Advice on trademark licensing

It is frequently the case that entrepreneurs, aware of the recognition and prestige that their brand-identified products have achieved in the marketplace, especially as regards high-end products, decide to take measures to provide this valuable business asset with adequate legal and commercial protection.

One of these measures may consist of establishing a system based on the appropriate brand license and implementing a selective distribution network that gives the brand owner not only the power to market its products to those who meet certain qualitative requirements that ensure the prestige and reputation of the brand, but also the right to prosecute those who do not observe these requirements and sell the products in conditions that undermine the brand’s reputation.

Such a case was ruled on in Barcelona Court of Appeal Judgement 654 of 5 April 2019. The Court agreed with the owner of the brand and its licensee and declared an infringement of their brand rights, due to a violation of the selective distribution regime created by its owner and implemented by its licensee in Spain.

In summary, the case can be summed up as follows:



    •  The applicants were Laboratoires Expanscience, S.A. – as the owner of the Mustela brand – and the licensee Laboratorios Expanscience, S.A., which distribute high-quality and prestigious skincare products designed for babies, children, future mothers and recent mothers through a selective distribution network recognised throughout Europe.
    • The defendant, Distribuidora Internacional de Alimentación, S.A. (DIA), a well-known Spanish distribution group that is characterized by following discount store commercial formulas and that applies an aggressive price-reduction policy, resells Mustela brand products in Clarel stores – managed by the company Beauty By Dia, S.A. (a company owned by DIA), though it does not form part of the selective distribution network and fails to comply with the marketing conditions established by the applicants, thereby damaging the prestige of the brand.


The brand license and selective distribution organized by the applicant and implemented by its licensee imposes a sales system under specific conditions, aimed at achieving excellence in the presentation and marketing of products:

    • The sales space must (i) be used only for health and beauty products, (ii) have competing brands representative of selective distribution, (iii) have its own cash register and (iv) include product display conditions, furniture and decor that allow consumers to be given advisory services and product demonstrations in an appropriate way.
    • The staff of the sales space must hold a university degree from a pharmacy faculty or an equivalent advanced diploma in the field of human health.
    • Stock rotation and product displays should be carried out in a way that ensure the proper preservation of the products.
    • With regard to internet sales, among other conditions, it is necessary to have a physical point of sale, and the website must be exclusively devoted to the sale of hygiene, care and beauty products that are traditionally sold with advice from a pharmacist, in addition to having a secure and updated electronic payment system.


Barcelona Court of Appeal concluded that there were legitimate reasons to exclude the principle of the exhaustion of the trademark right recognized under article 36 of the Trademark Act and, consequently, that the owner and licensee could oppose the subsequent marketing of Mustela products in Clarel establishments.

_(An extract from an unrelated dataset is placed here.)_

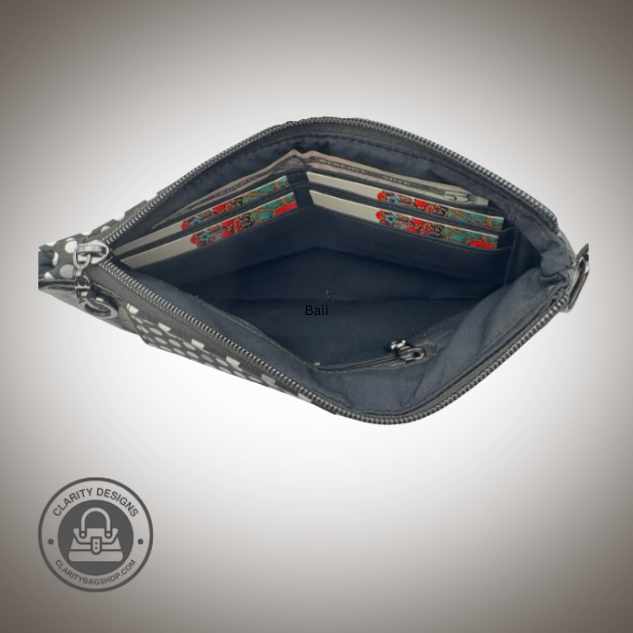 - INSIDE ONE SIDE VERTICAL ZIPPER has 4 credit card slots, with one bill slot above. You can double up credit cards in each slot to carry 8. Across from the credit card and dollar slots is a small, zippered coin pocket.

Indeed, based on the expert report provided by the applicants (which reflected the expert’s conclusions arising from inspections carried out at some Clarel stores), the judicial authority, after endorsing most of the conditions of the selective distribution system, considered that the reputation of Mustela as a high-quality brand was undermined, based on the following specific circumstances:

    • Sales space: there is no clearly distinguishable space separated from the rest of the store’s products.
    • Product location: Mustela brand products are not only placed with products of an inferior quality but also with products of a clearly different nature.
    • Conservation, rotation and stock of products: the marketing of products in poor condition and expired products was proven, a fact that showed the absence of adequate product rotation and storage.
    • Online sale: Mustela products were being sold together with other products, not only cosmetics but with all the products being marketed at Clarel establishments, and they were not placed with products of the same range or quality.

For all these reasons, the Provincial Court concluded that the defendants had committed a trademark infringement, since they had offered, marketed and stored Mustela products in conditions that negatively affected the reputation of the brand, putting at risk the investment and protection that the brand owner and its licensees had been developing for years until achieving excellence in their products and a reputation for the brand that distinguished them.

Undoubtedly, in the case examined, the claims of both the owner of the brand and its licensee were legally supported by their effective implantation of a selective distribution system for their products.

Ultimately, this demonstrates the importance of having good advice on brand licensing, where both the owner and licensee can control the reputation and prestige of their products and brands and prevent their deterioration due to the behaviour of third parties.